Question 15.9: At 448 °C, the equilibrium constant Kc for the reaction H2(g...
At 448 °C, the equilibrium constant K_{c} for the reaction
H_{2} (g) + I_{2} (g) ⇌ 2 HI (g)is 50.5. Predict in which direction the reaction proceeds to reach equilibrium if we start with 2.0 × 10^{-2} mol of HI, 1.0 × 10^{-2} mol of H_{2}, and 3.0 × 10^{-2} mol of I_{2} in a 2.00 L container.
Analyze We are given a volume and initial molar amounts of the species in a reaction and asked to determine in which direction the reaction must proceed to achieve equilibrium.
Plan We can determine the starting concentration of each species in the reaction mixture.

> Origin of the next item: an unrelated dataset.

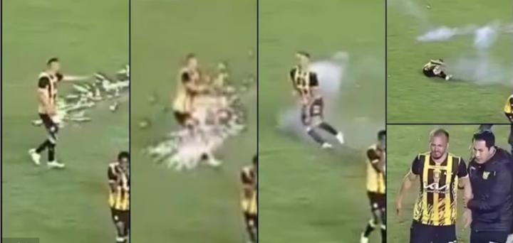 在玻利维亚足球联赛最强者对阵布鲁明的比赛中,戏剧性场面发生在补时阶段。比赛第76分钟,主队球员胡安-戈多伊打入制胜球,帮助最强者以3-2战胜对手。然而,这个进球瞬间点燃了主场球迷的狂热,看台上开始燃放烟花庆祝。不幸的是,补时阶段部分烟花意外落入场内,其中一枚正中了还在场上的进球功臣胡安-戈多伊的裆部。

We can then substitute the starting concentrations into the equilibrium expression to calculate the reaction quotient, Q_{c}. Comparing the magnitudes of the equilibrium constant, which is given, and the reaction quotient will tell us in which direction the reaction will proceed.
Solve
The initial concentrations are
[HI] = 2.0 × 10^{-2} mol/2.00 L = 1.0 × 10^{-2} M
[H_{2}] = 1.0 × 10^{-2} mol/2.00 L = 5.0 × 10^{-3} M
[I_{2}] = 3.0 × 10^{-2} mol/2.00 L = 1.5 × 10^{-2} M
The reaction quotient is therefore
Q_{c} =\frac{[HI]²}{[H_{2}][I_{2}]}=\frac{(1.0 × 10^{-2})²}{(5.0 × 10^{-3})(1.5 × 10^{-2})}= 1.3Because Q_{c} < K_{c}, the concentration of HI must increase and the concentrations of H_{2} and I_{2} must decrease to reach equilibrium; the reaction as written proceeds left to right to attain equilibrium.